A prisão do ex-presidente Michel Temer e de alguns de seus colaboradores mais próximos, embora fosse dada como certa e estivesse precificada, produziu um abalo adicional na já frágil situação política nacional.
Os indícios de que alguma ação os alcançaria eram fortes e claros desde o ano passado, ao menos desde a famosa conversa de Temer com Joesley Batista, dono da JBS. Encerrado seu mandato como presidente e sem poder apelar para o foro privilegiado, Temer era a bola da vez.
Paga o preço de uma longa vida pública, durante a qual fez como tantos outros políticos e tangenciou a linha da legalidade. Poder-se-ia falar em Caixa 2, em financiamento eleitoral por vias informais, em abuso de poder, não só em enriquecimento ilícito. O juiz Marcelo Bretas fundamentou sua decisão mencionando esquema de cartel, corrupção ativa e passiva, lavagem de dinheiro, suborno e propina paga pela construtora Engevix para obter contratos na Usina de Angra 3, o que justificaria que o caso fique na órbita da justiça comum.
Os termos da acusação de Bretas foram pesados e contundentes. Segundo ele, as prisões preventivas eram necessárias para garantir a ordem pública, já que “uma simples ligação telefônica ou uma mensagem instantânea pela internet são suficientes para permitir a ocultação de grandes somas de dinheiro, como parece ter sido o caso”. O MPF-RJ foi além: “As apurações também indicaram uma espécie de braço da organização, especializado em atos de contrainteligência, a fim de dificultar as investigações, tais como o monitoramento das investigações e dos investigadores, a combinação de versões entre os investigados e, inclusive, seus subordinados, e a produção de documentos forjados para despistar o estado atual das investigações”. Os fatos apontariam “para a existência de uma organização criminosa em plena operação, envolvida em atos concretos de clara gravidade”.
A celeuma foi imediata. A prisão temporária teria respaldo legal, dada a inexistência de ameaça concreta por parte de Temer e dos demais? Temer pode ser culpado, mas não seria necessário que transcorresse o devido processo legal, com a apresentação de provas concretas e direito de defesa? Estaria havendo algum deslize no Estado de direito?
Abriram-se as portas para inúmeros cenários, nenhum dos quais tranquilizador. Fala-se que a as prisões refletem um movimento de pressão sobre Rodrigo Maia, que é ligado a Moreira Franco. Há quem veja a mão de Sergio Moro, que anda às turras com Maia e não tem acumulado muitas vitórias como ministro de Bolsonaro. E todos são unânimes em reconhecer que, com a decisão de Bretas, a Lava Jato mostrou que continua viva, pondo pressão sobre o Congresso e sobre o STF, que na semana passada tomou decisões que afetaram seriamente a operação.

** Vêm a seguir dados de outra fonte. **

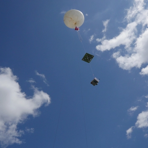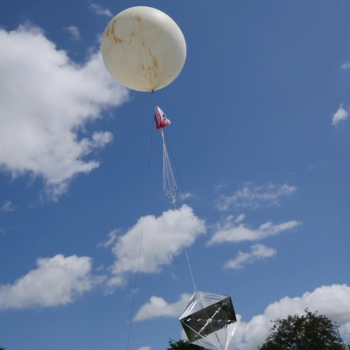 - Une caméra qui filme l’horizon et l’effet de la pression sur un ballon de baudruche à peine gonflé, accroché à la nacelle.
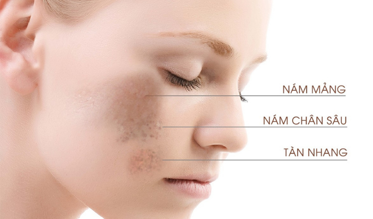 - Nám sâu: là tình trạng đốm lấm chấm trên bề mặt da. Khi hình thành chân nám rất nhỏ, lâu dần chân nám càng ăn sâu xuống dưới da và lan rộng nhanh trên bề mặt.
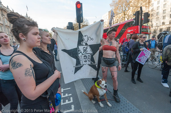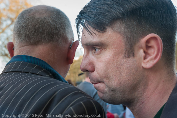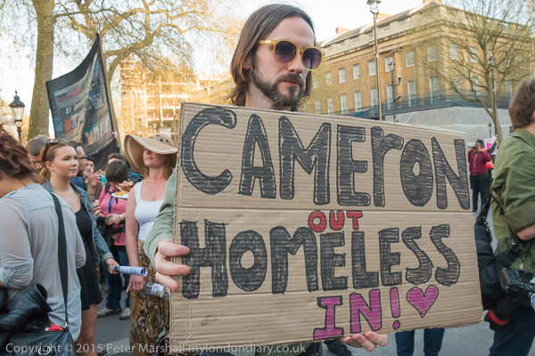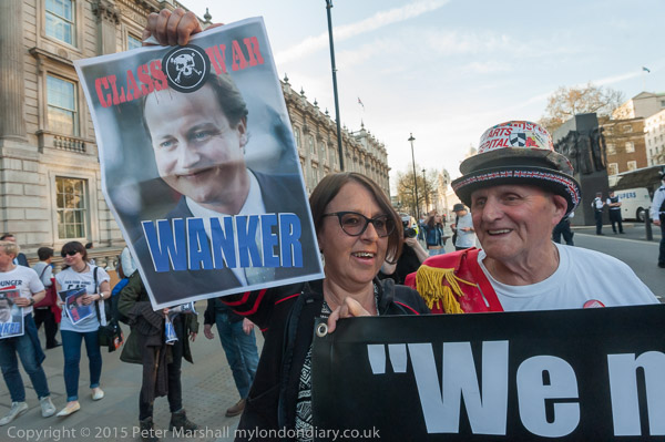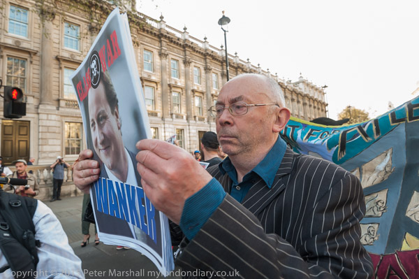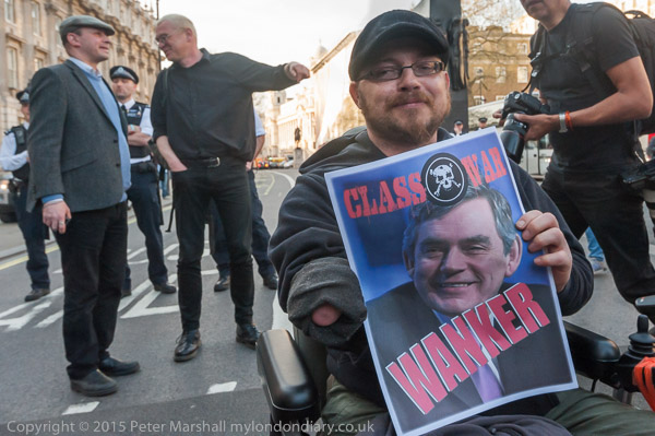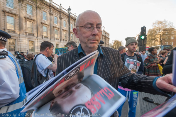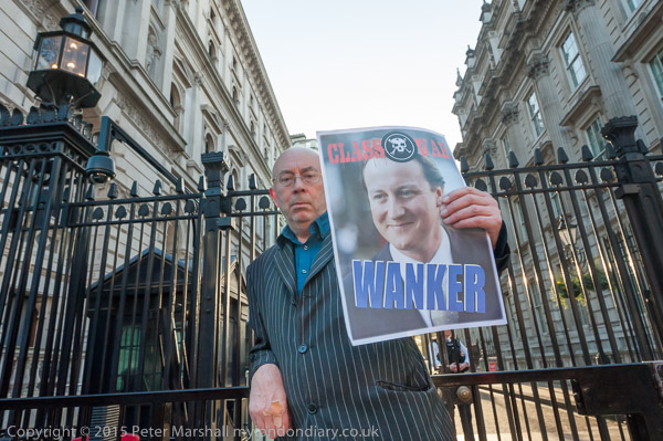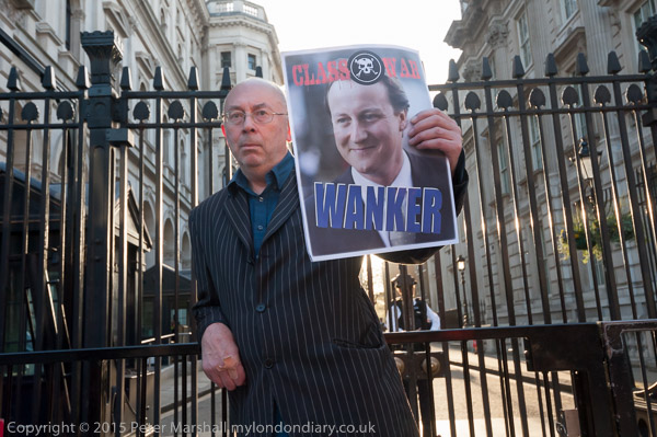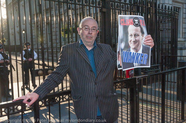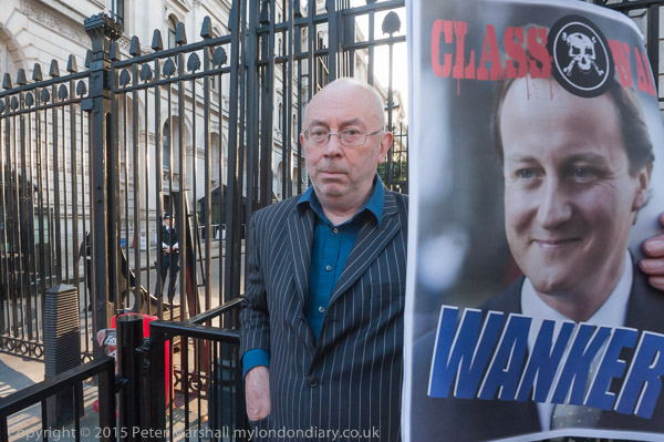 Ian Bone holds up a Class War poster of Cameron at the gates of Downing St
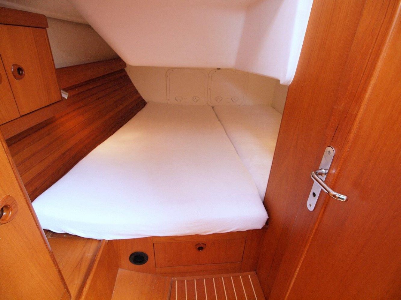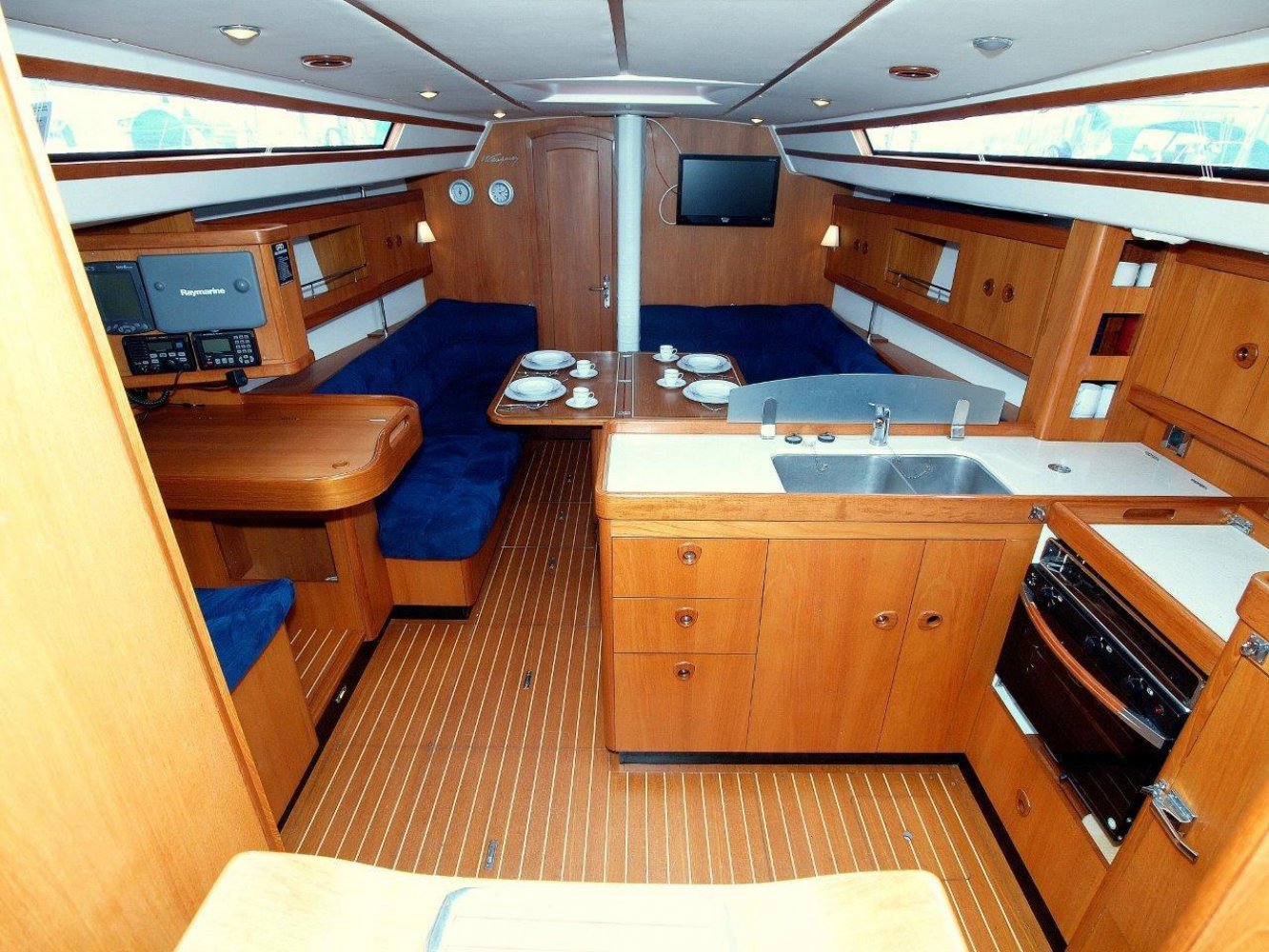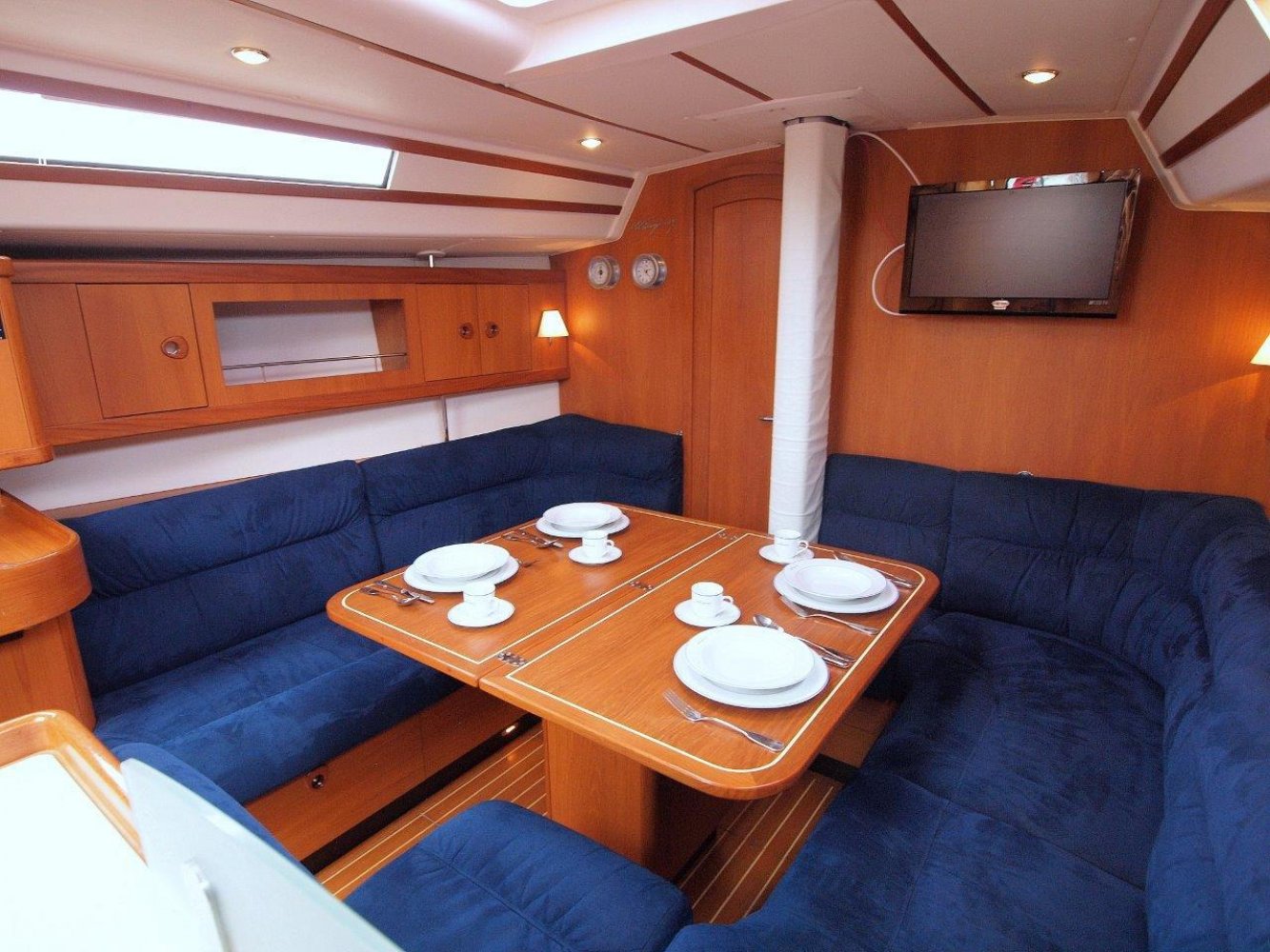 Daar tegenover, is aan stuurboord een ruim kombuis met uiteraard warm en koud stromend water, een gasfornuis met oven, compressorkoeling, etc. Kortom alles wat u mag verwachten op een dergelijk schip. Midscheeps is de ruime salon met aan beiden kanten comfortabele banken een een fraai afgewerkte tafel in het midden. In de voorpiek is de eerste van twee hutten. Deze is ruim en voorzien van de nodige opbergruimte. In het achterschip is aan stuurboord de tweede hut. Ook deze is voorzien van een tweepersoonbed en opbergruimte net als de voorhut. Aan bakboord in het achterschip is een enorme bakskist te vinden welke toeganklijk is vanuit de kuip.

Pode ser tudo isso e mais um pouco, a ser desvendado pelo andar das investigações e pela análise política.
Inevitável que a prisão tenha repercutido no Congresso, onde Temer tem muitos amigos e onde qualquer ruído soa sempre como um trovão. Por um lado, poderá facilitar uma inusitada aproximação entre oposição e situação, que incluiria do PT a setores do PSL, todos irmanados no combate à Lava Jato e na defesa dos hábitos políticos que são precisamente o alvo dos procuradores. Se Temer caiu, assim como Lula, o que dizer dos políticos comuns? Por outro lado, encarecerá o apoio dos parlamentares ao governo, algo crucial no momento em que propostas reformadoras começam a ser postas na mesa. A fraqueza do governo poderá ficar ainda mais evidente, dada sua carência de boas ideias e bons articuladores.
As prisões representam um novo capítulo na batalha aberta pelo MP e pela PF em favor de um ajuste de contas da Justiça com o sistema político. No momento atual, que é delicado e caótico, a melhor expectativa é que o batalha seja conduzida com altas doses de temperança, inteligência estratégica, republicanismo e responsabilidade cívica. Qualquer erro de dosagem e de procedimento nessa operação desorganizará tão profundamente o sistema político que comprometerá a própria atividade política.
O cerco judicial à classe política não produziu até agora nenhuma grande mudança de qualidade na política. Tem servido para mobilizar importantes setores da sociedade civil, mas não tem tido força para mudar a qualidade da representação. A desorganização que vem provocando contribuiu para que subisse ao palco tudo aquilo que estava na periferia do sistema, com as consequências que estamos vendo. Desse ponto de vista, a Lava Jato ainda está devendo e não há como saber se terá como contribuir de fato para promover a esperada requalificação política. Ela por certo não pode ser responsabilizada pelo caos que reina no País, mas pode fazer uma reflexão sobre si mesma, para que não termine por ajudar a substituir o que estava ruim por algo ainda pior.